It is scheduled for 6:30 p.m. at the Peace Lutheran Church on North 51st Street.
The service comes amidst the search for two missing Milwaukee boys. Purvis Parker, 11, and Quadrevion Henning, 12, have been missing since March 19.
The Milwaukee Brewers are also helping out with the search. The boys' pictures are being shown before and during games at Miller Park. The pictures will also appear outside on the Miller Park's lighted billboard along Interstate 94. On Friday and Saturday Brewers' fans who come to the games will find fliers on their cars with the boys' pictures on them.
NAACP volunteers are handing out the fliers.
Meanwhile, investigators are taking a closer look into the families the boys.

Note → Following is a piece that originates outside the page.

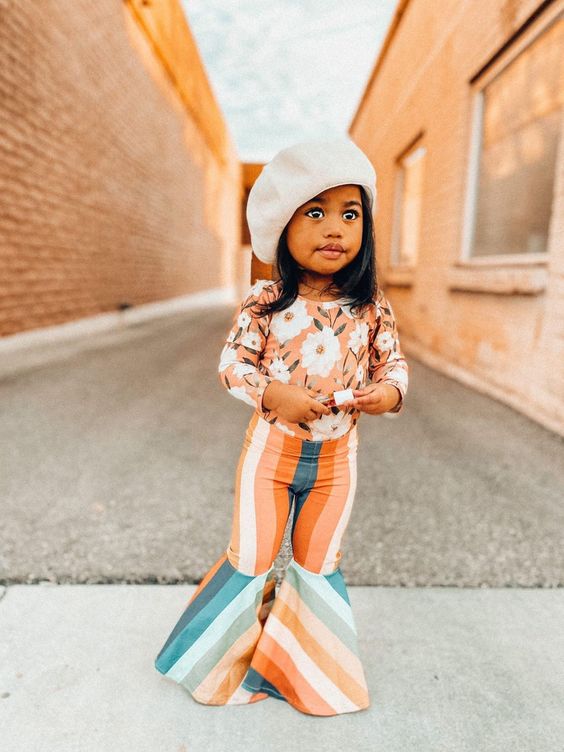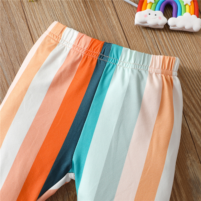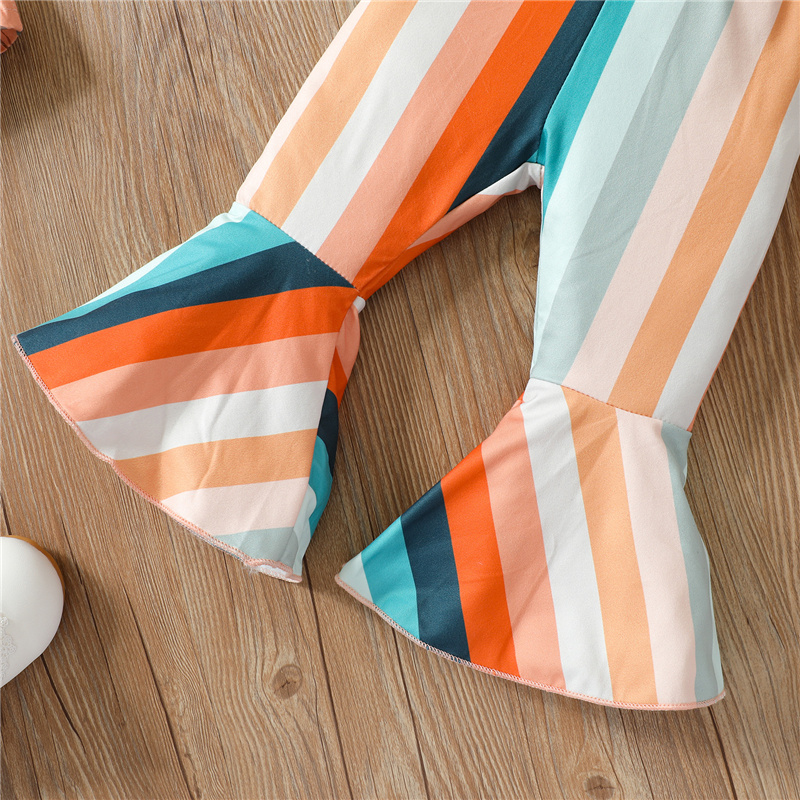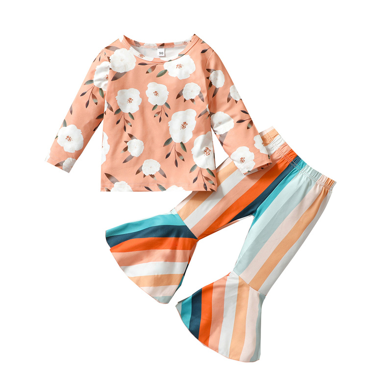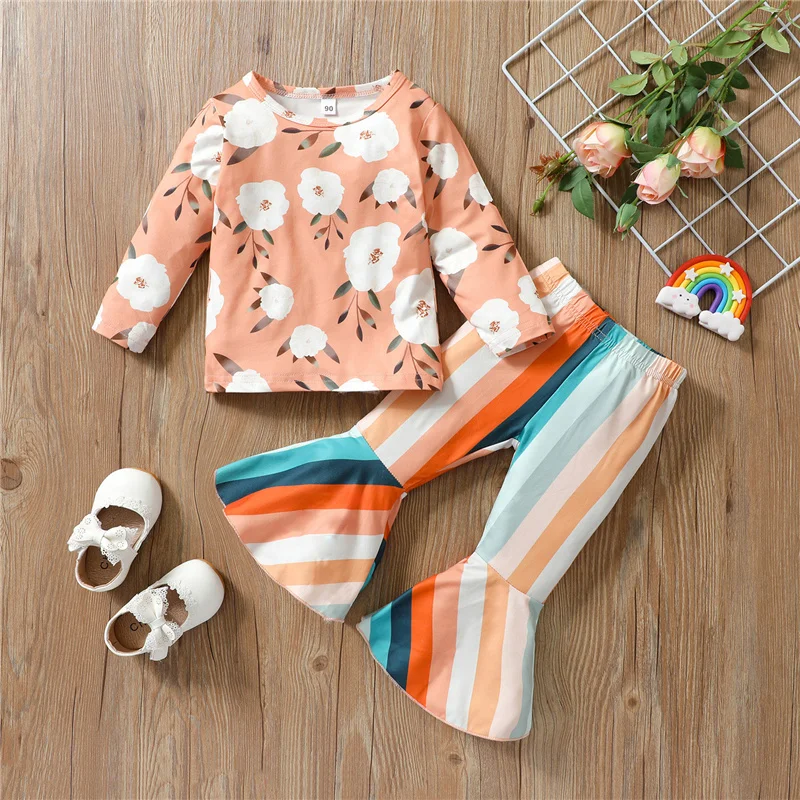 Осенняя одежда для малышей из 2 предметов футболка с длинными рукавами и цветочным рисунком + штаны в радужную полоску с колокольчиками для маленьких девочекСтильный комплект одежды для вашей милой дочери в качестве потрясающего подарка на день рождения!

Investigators are retracing family members' original stories when the boys first disappeared.
They are also checking family interviews with the media.
Milwaukee police said Monday that they were pulling back their mobile command units which have been used to search for the boys.
Police still have no idea what happened to them.
"We're consolidating all of our operations at the emergency operations center. We don't want anyone in the neighborhood to get the impression or have the idea that we are moving our operations out of there, that we're backing off on the search. That's certainly not the case," Milwaukee Police Department public relations manager Anne Schwartz said.
Milwaukee police and members of the U.S. Army Reserve searched an 11-mile stretch of the Menomonee River Parkway Sunday.
Henning goes to Labrew Troopers Military Academy and wants to be in the Army.
That is partly why the military got involved in the search.
Police said they still have little to go on. Deputy Chief Brian O'Keefe said said they removed computers from the boys' homes Wednesday to see if there was any e-mail activity that could lead them to the boys.
The reward fund is now up near $60,000.
If you have any information about the missing boys call the tip line at (877) 628-3804.
April 11th -
Search For Missing Milwaukee Boys Enters Fourth Week
Family Working To Keep Search Going
MILWAUKEE, Wis. -- The search for two missing Milwaukee boys is entering its fourth week.
The boys' families are keeping busy trying to keep the case in the public eye.
Family members want the faces of Purvis Virginia Parker and Quadrevion Henning everywhere.
This week, the boys' pictures are posted in Auto Mart Magazine.
Volunteers spent the weekend tying white ribbons around trees throughout Milwaukee. They said the ribbons are a sign of support for the families and a sign of hope the boys will return home safely.
"It's very frustrating. We want nothing better than to bring the boys home tomorrow and bring them back to their families," said Milwaukee Police Chief Nan Haggerty in an interview on Monday. "It's frustrating. We've pulled out all the stops doing everything we possibly can."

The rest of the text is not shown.